What I want to do is create a function which takes an arbitrary tree where each node has some string data, and turns it into a fancy string that has some nice properties. It should be compact and easy to read; the structure of the tree should be apparent from the output string. I'd like to have one node per line, and each line ends with the data in the string (which we can think of as the name of the node.)

Here's my Node class:

class Node
{
    public Node(string text, params Node[] children)
    {
        this.Text = text;
        this.Children = children ?? new Node[] {};
    }
    public string Text { get; private set; }
    public IList<Node> Children { get; private set; }
}

Pretty straightforward. Note that there are no parent pointers.

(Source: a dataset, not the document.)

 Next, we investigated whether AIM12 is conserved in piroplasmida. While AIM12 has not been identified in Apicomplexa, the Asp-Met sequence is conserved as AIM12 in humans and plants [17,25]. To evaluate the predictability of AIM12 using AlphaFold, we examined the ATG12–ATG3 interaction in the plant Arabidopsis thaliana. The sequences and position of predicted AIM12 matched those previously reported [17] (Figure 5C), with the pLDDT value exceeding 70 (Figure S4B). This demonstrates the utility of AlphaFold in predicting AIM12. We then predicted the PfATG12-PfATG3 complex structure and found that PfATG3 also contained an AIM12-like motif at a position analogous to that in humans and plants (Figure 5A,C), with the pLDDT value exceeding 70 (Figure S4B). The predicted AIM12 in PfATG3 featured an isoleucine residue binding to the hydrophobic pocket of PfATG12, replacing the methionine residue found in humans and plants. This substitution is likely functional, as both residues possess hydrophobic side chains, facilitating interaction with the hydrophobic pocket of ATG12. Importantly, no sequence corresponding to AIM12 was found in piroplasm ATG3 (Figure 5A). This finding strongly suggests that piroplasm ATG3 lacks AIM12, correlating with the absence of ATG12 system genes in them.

My challenge to you is to fill in the blanks here:

sealed class Dumper
{
    static public string Dump(Node root) { /* ... */ }
    /* ... */
}

such that the Dump method produces this string:

a
├─b
│ ├─c
│ │ └─d
│ └─e
│   └─f
└─g
  ├─h
  │ └─i
  └─j

when given this tree:

var root = new Node("a",
    new Node("b",
        new Node("c",
            new Node("d")),
        new Node("e",
            new Node("f"))),
    new Node("g",    
        new Node("h",
            new Node("i")),
        new Node("j")));

Notice that I am using the Unicode "box drawing" characters │ ├ ─ └. I used to write code to build user interfaces like this back in my Commodore 64 programming days. Ah, the halcyon days of my youth.

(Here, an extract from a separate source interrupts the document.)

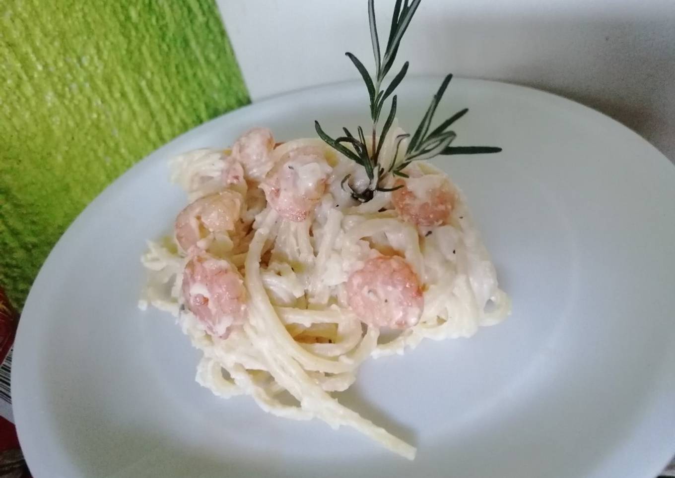 As for the number of servings that can be served to make Spaghetti con camarones is 4 personas. So make sure this portion is enough to serve for yourself and your beloved family.

I've posted my solution here, but NO CHEATING. Write your own solution first, and then see how yours compares to mine.

When I discussed how to build a graph colourizer / Sudoku solver in July I did some analysis of the design decisions I made along the way. What are your design criteria as you approach this problem? For example, are you going to automatically go for a recursive solution because tree problems are usually most easily solved with recursion? Or are you going for an iterative solution? Will you prioritize obvious correctness over cleverness or vice versa? Did you miss having parent pointers? And so on - I'd be interested to know what your design criteria and choices were.

And... go!

  • Very cool challenge, Eric! I too have put together my own algorithm-oriented developer challenge while we were in "interview / hiring" mode a few months back. I was never satisfied with the approach of asking insanely technical questions and getting back canned answers, so I wanted to present a unique, non-standard way of gauging interviewee skills where one simply cannot fake it. I have not subjected any candidate to this test but it's something I have on the back-burner. I would be very interested in your thoughts on this exercise, sir!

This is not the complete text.